──────── DATA ────────

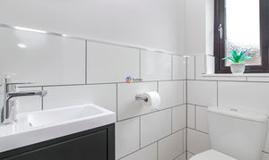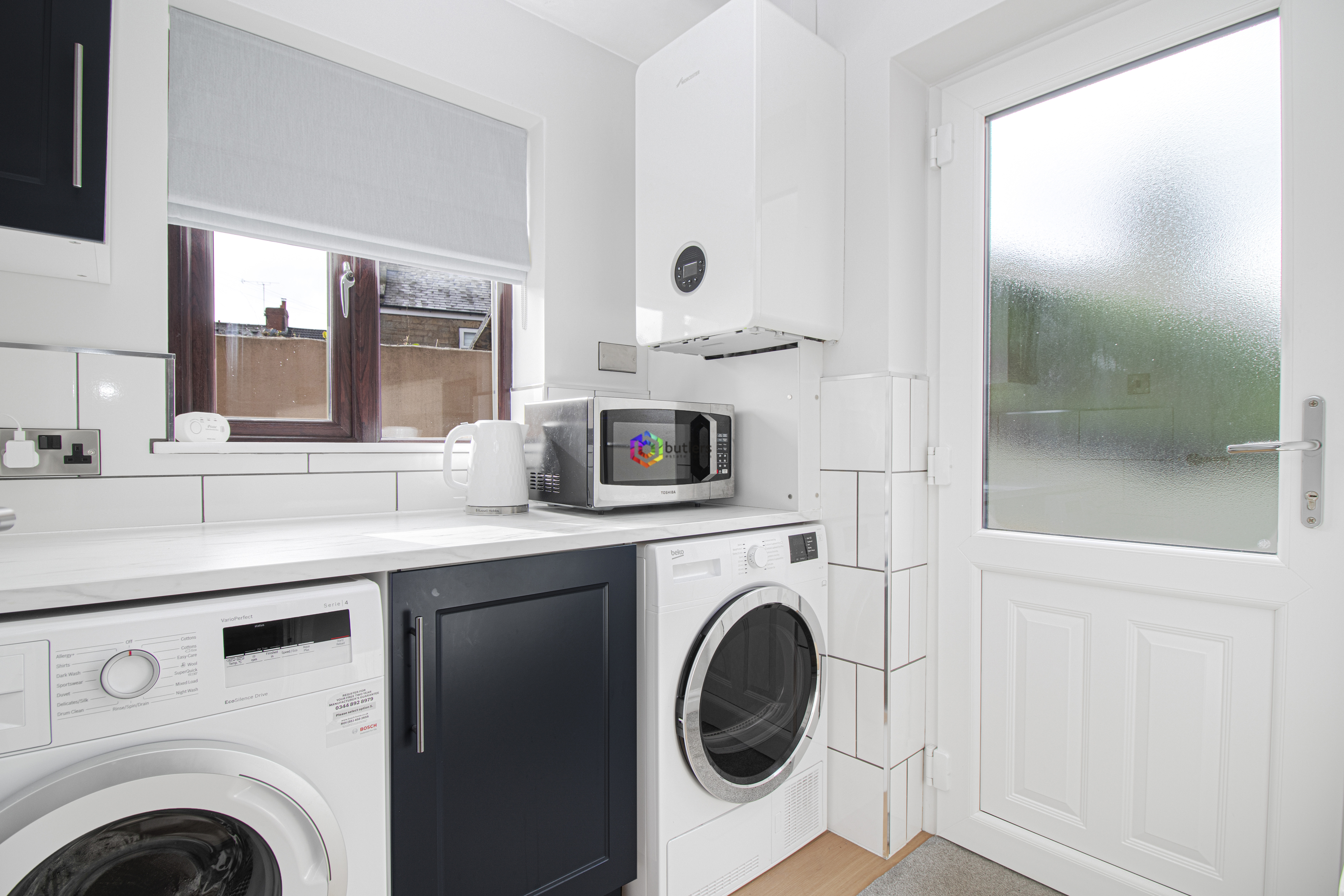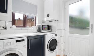Again recently refurbished with space for both a washing machine and dryer, the new wall mounted boiler is next to the window looking out to the side of the house.
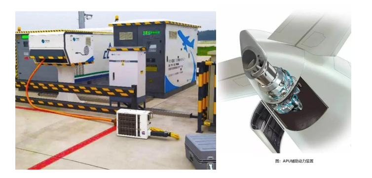 APU主要為飛機在地面保障期間提供電源和氣源。常規(guī)模式下,飛機在地面保障期間,飛機關閉發(fā)動機(機翼下的渦扇發(fā)動機),開啟APU,由于APU使用的是渦輪發(fā)動機,所以能耗大、噪聲大、污染多,且排放的尾氣是機場的主要污染物。
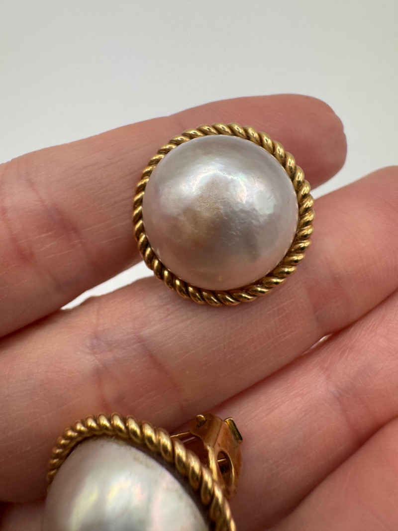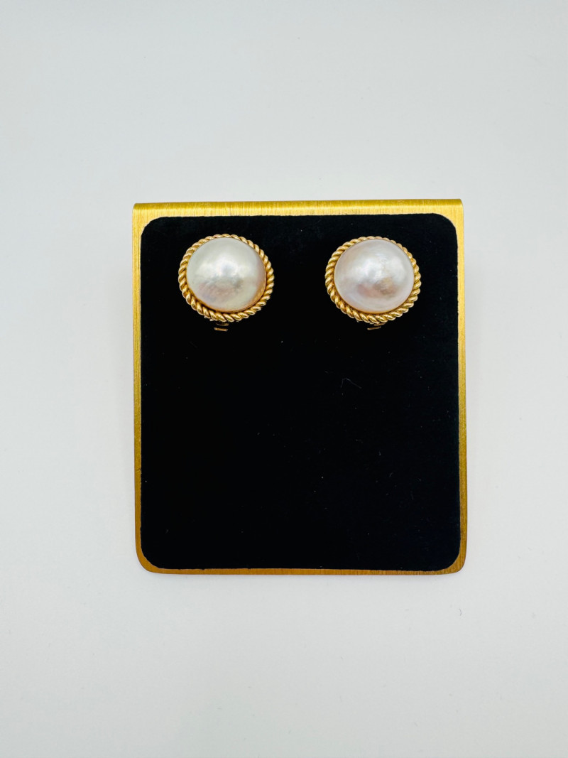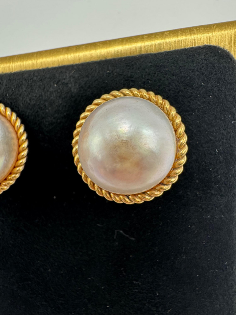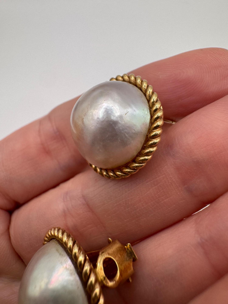 14K Gold Mabe-Like Pearl Earrings – Rope Edge Design, 13g.

────────

### WHAT THE TASK ASKS
Starting from the line that contains "APU主要為飛機在地面保障期", transcribe exactly each line down to the final line of the material above, excluding every picture and adding nothing else.

### WRITTEN ANSWER
 APU主要為飛機在地面保障期間提供電源和氣源。常規(guī)模式下,飛機在地面保障期間,飛機關閉發(fā)動機(機翼下的渦扇發(fā)動機),開啟APU,由于APU使用的是渦輪發(fā)動機,所以能耗大、噪聲大、污染多,且排放的尾氣是機場的主要污染物。
 14K Gold Mabe-Like Pearl Earrings – Rope Edge Design, 13g.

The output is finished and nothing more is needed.